Dr. Monahan should be congratulated for telling the story straight, for not attempting to engage in hagiography or mystification in placing the COU in the framework of the development of higher education in Ontario. Even when dealing with the possible future of the organization, he says &dlquo;despite its present weaknesses, with strong leadership council may succeed in meeting and overcoming these [current] formidable challenges” (p. 212). The cautionary tone is admirable. Collective Autonomy belongs on the bookshelf of any serious scholar of Canadian higher education, between Axelrod’s Scholars and Dollars and Gwendoline Pilkington’s 1980 book on the Association of Universities and Colleges of Canada, Speaking with One Voice.
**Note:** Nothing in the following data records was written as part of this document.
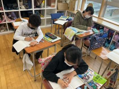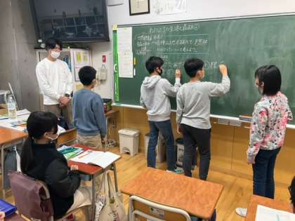 社会科の時間です。「わたしたちの生活と森林」白神山地の天然林のはたらきについて予想しています。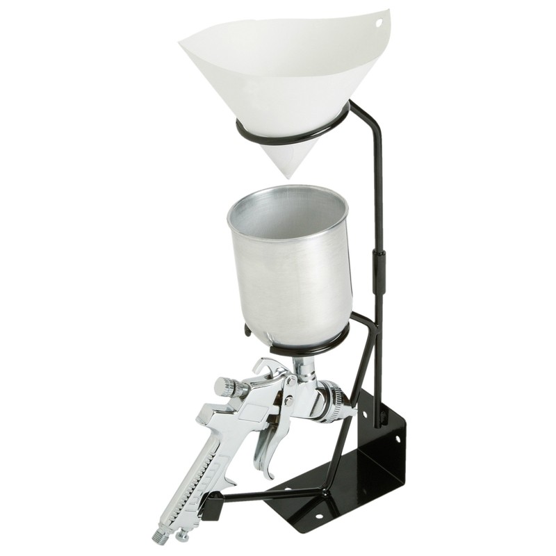 Fits all gravity fed spray guns. Can be mounted on wall or tabletop. Removable filter holder. Spray Gun Not Included.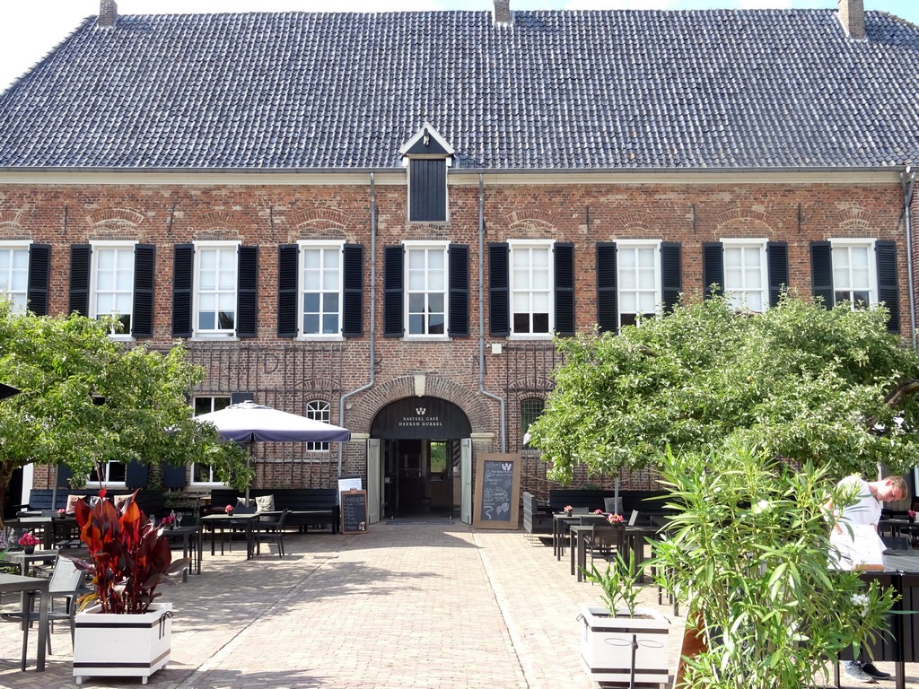 Het café/restaurant ,dat ook op het terrein ligt en een erg mooi terras heeft, is op dit tijdstip (09:30 uur) helaas nog gesloten. We beloven elkaar hier vanmiddag langs te gaan als we na afloop van de wandeltocht per de fiets de auto in Zeddam gaan ophalen. Hierna gaat verder naar Stokkum en lopen we af op de Duitse grens.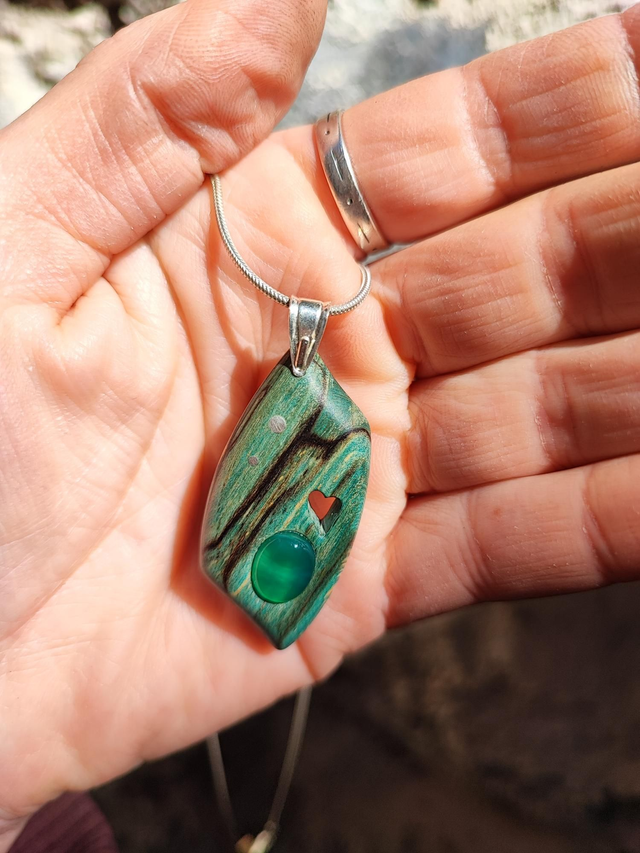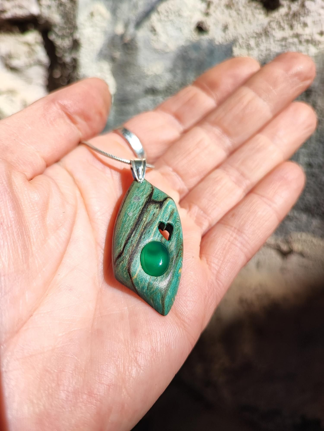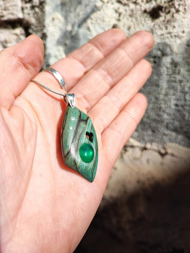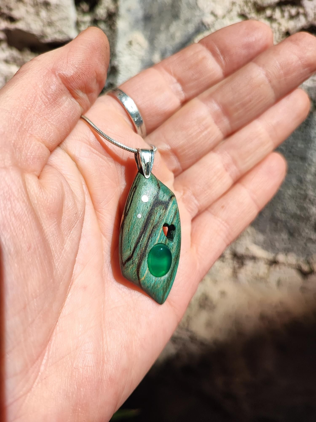 Pendentif en Bois de Hêtre Échauffé stabilisé vert, Agate et Argent
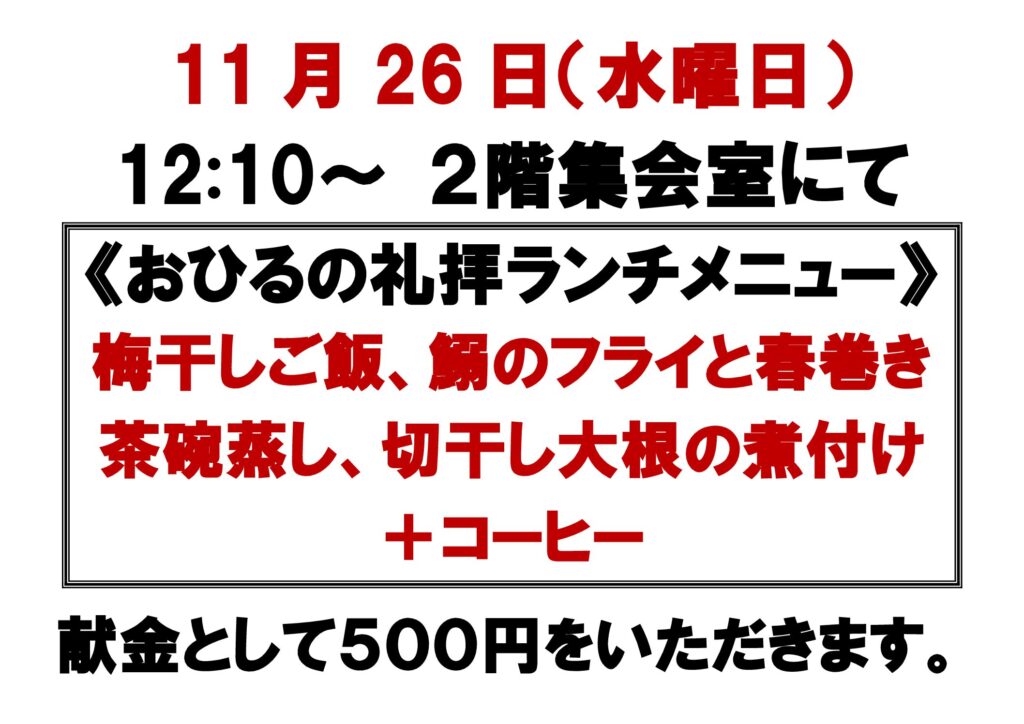 11月26日(水曜日)のおひるの礼拝ランチメニューです。お待ちしています❣❣

In terms of design, however, Wilfrid Laurier University Press can be called to account. The indexing of the book is sadly deficient. If someone did not know that the Lapp report dealt with engineering, for example, they would not be able to find a heading on “engineering” to guide them. Similarly, there is no entry under “inter-library loan” or for any of the individual universities mentioned in the account. For the scholar, this poses no problem, but if the press intended the book to actually reach a general popular audience, it could have provided better landmarks in the index. The Select Bibliography also is rather quirky, containing a few sources that have no bearing on the text, and omitting others. And the footnoting, especially in the early chapters, is somewhat sparse. Experts will know where to go to find the supporting material, but the general reader will be stumped. All of these changes would have added only about a dozen pages to the text, and greatly increased its value to the non-specialist.